## PROBLEM TO WORK ON
Without the pictures, copy all of the data exactly.

## GIVEN MATERIAL
---

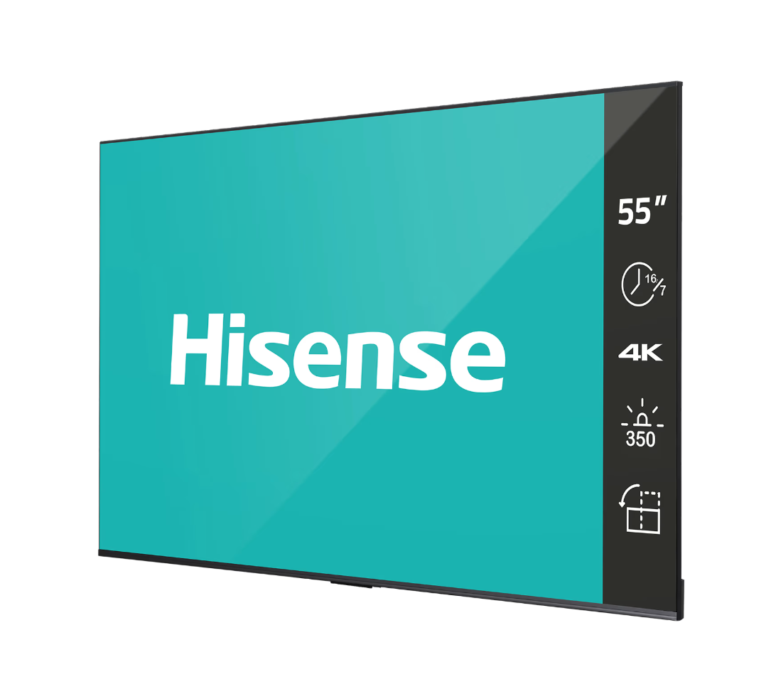 El Hisense 55DP30FE es un display profesional de señalización digital de 55″ con resolución 4K UHD (3840 × 2160), diseñado para operar 16 horas al día, 7 días a la semana (16/7). Este modelo es ideal para entornos comerciales, corporativos o de retail, ofreciendo una solución robusta y eficiente para la difusión de contenido digital.
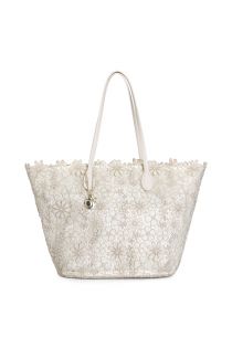 Sac cabas en dentelle avec doublure en tissu poignées effet cuir et breloque en métal avec chaîne. élégance raffinée et capacité idéale pour des looks décontractés et chics
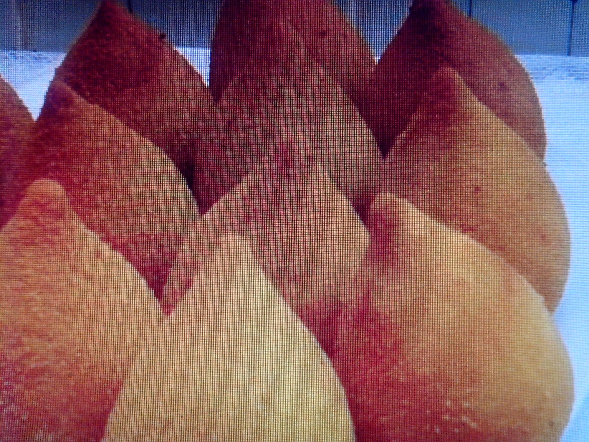 Depois de alcançar uma textura lisa, descascar as batatas e com um amassador ou uma peneira espremer em cima da massa aberta, aos poucos, pois a batata é só para deixar a massa mais macia e gostosa, ela não pode ficar mole demais nem grudando nas mãos, senao vai dificultar na hora de fechar as coxinhas

---

## RESPONSE BOX
 El Hisense 55DP30FE es un display profesional de señalización digital de 55″ con resolución 4K UHD (3840 × 2160), diseñado para operar 16 horas al día, 7 días a la semana (16/7). Este modelo es ideal para entornos comerciales, corporativos o de retail, ofreciendo una solución robusta y eficiente para la difusión de contenido digital.
 Sac cabas en dentelle avec doublure en tissu poignées effet cuir et breloque en métal avec chaîne. élégance raffinée et capacité idéale pour des looks décontractés et chics
 Depois de alcançar uma textura lisa, descascar as batatas e com um amassador ou uma peneira espremer em cima da massa aberta, aos poucos, pois a batata é só para deixar a massa mais macia e gostosa, ela não pode ficar mole demais nem grudando nas mãos, senao vai dificultar na hora de fechar as coxinhas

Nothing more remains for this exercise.